Promouvoir une pratique sportive sécuritaire
Les deux chercheurs espèrent que ces travaux sensibiliseront les médecins traitants des équipes sportives, les audiologistes, les entraineurs, les parents de sportifs et les athlètes eux-mêmes aux effets insoupçonnés des commotions cérébrales.
«Les participants de notre étude ne rapportaient pas les symptômes classiques des traumatismes crâniens comme les maux de tête ou les problèmes d’endormissement, souligne M. Ellemberg, docteur en neuropsychologie. C’est en grattant un peu, à l’aide de tests objectifs, que nous avons pu découvrir leur déficit d’audition centrale.»
Christine Turgeon estime d’ailleurs que ces tests d’audiologie devraient être intégrés dans l’évaluation standard des commotions cérébrales. «Si les athlètes ont le moindre doute quant à leur audition, ils auraient intérêt à consulter, ajoute-t-elle. Il y a des signes qui ne trompent pas: vous demandez fréquemment qu’on vous répète les consignes, vous vous concentrez plus qu’à l’habitude pour écouter votre interlocuteur, vous vous sentez fatigué à la fin de la journée en raison de vos efforts pour compenser ce déficit…»

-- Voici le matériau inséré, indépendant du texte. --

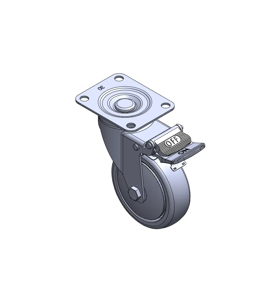 Casters with Side Brakes and With locking system. Premium Fork with Riveted Stamping Fork. Hole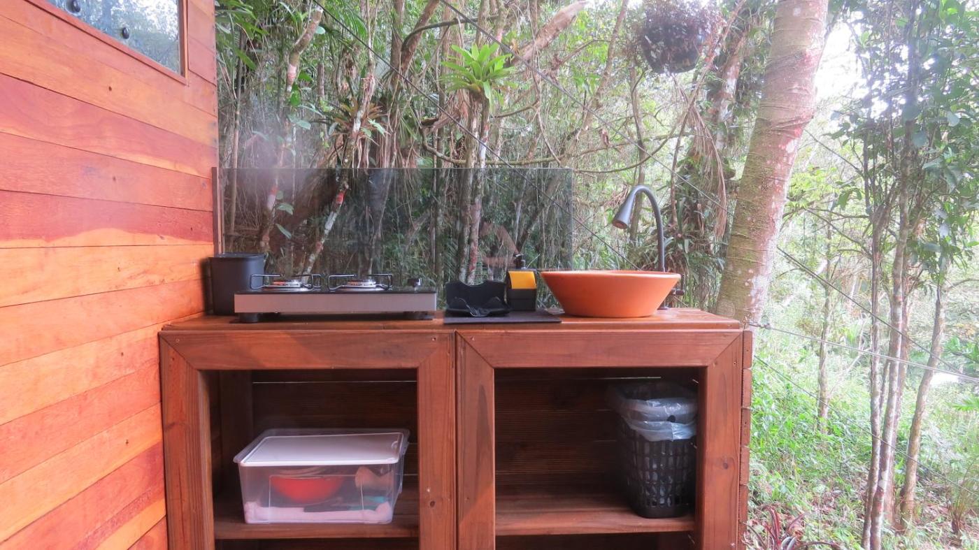 Chalé com 1 Quarto. The chalet has 1 bedroom and 1 bathroom with a shower and free toiletries. In the well-equipped kitchenette, guests will find a stovetop, a refrigerator, kitchenware and a tea and coffee maker. This chalet features a minibar, flat-screen TV, garden views, as well as winechampagne for guests. The unit has 1 bed.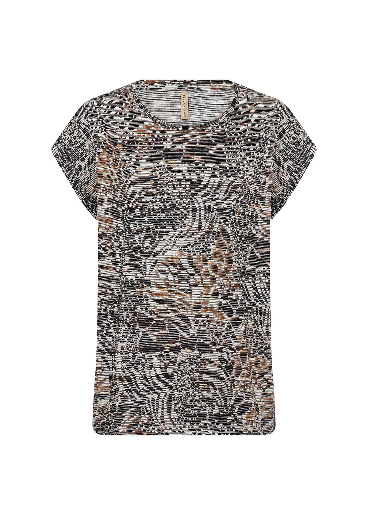 26994 - SC-Galina 55 från Soya Concept är en bekväm T-shirt tillverkad i en blandning av 52% viskos, 44% polyester och 4% elastan. Denna t-shirt har en rundad halsringning, korta ärmar och ett heltäckande abstrakt tryck. Kombinera den med jeans eller skräddarsydda byxor för en smart, avslappnad look.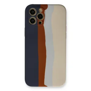 İphone 12 Pro Max Kılıf Ebruli Lansman Silikon - Lacivert-krem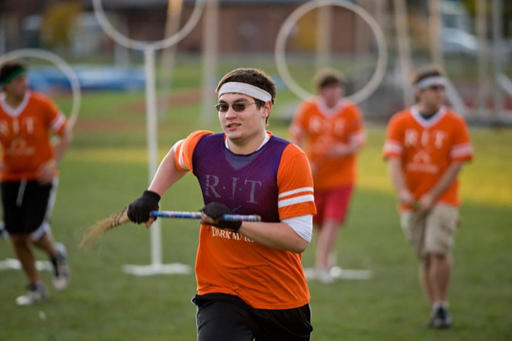 The RIT Quidditch Club practices weekly next to Gordon Field House. The Dark Marks, the competitive arm of the club, came in 2nd place against 100 other teams in the 5th Quidditch World Cup, Nov. 12-13, in New York City. -

Sensibilisons, mais ne dramatisons pas, précise toutefois Dave Ellemberg. «Les commotions cérébrales font partie du jeu, reconnait-il. Le sport est important pour la santé physique, mentale et émotive des athlètes. C’est aussi un liant social. Mais nous devons promouvoir une pratique sportive sécuritaire. Et cela passe forcément par une meilleure prise en charge de nos athlètes.»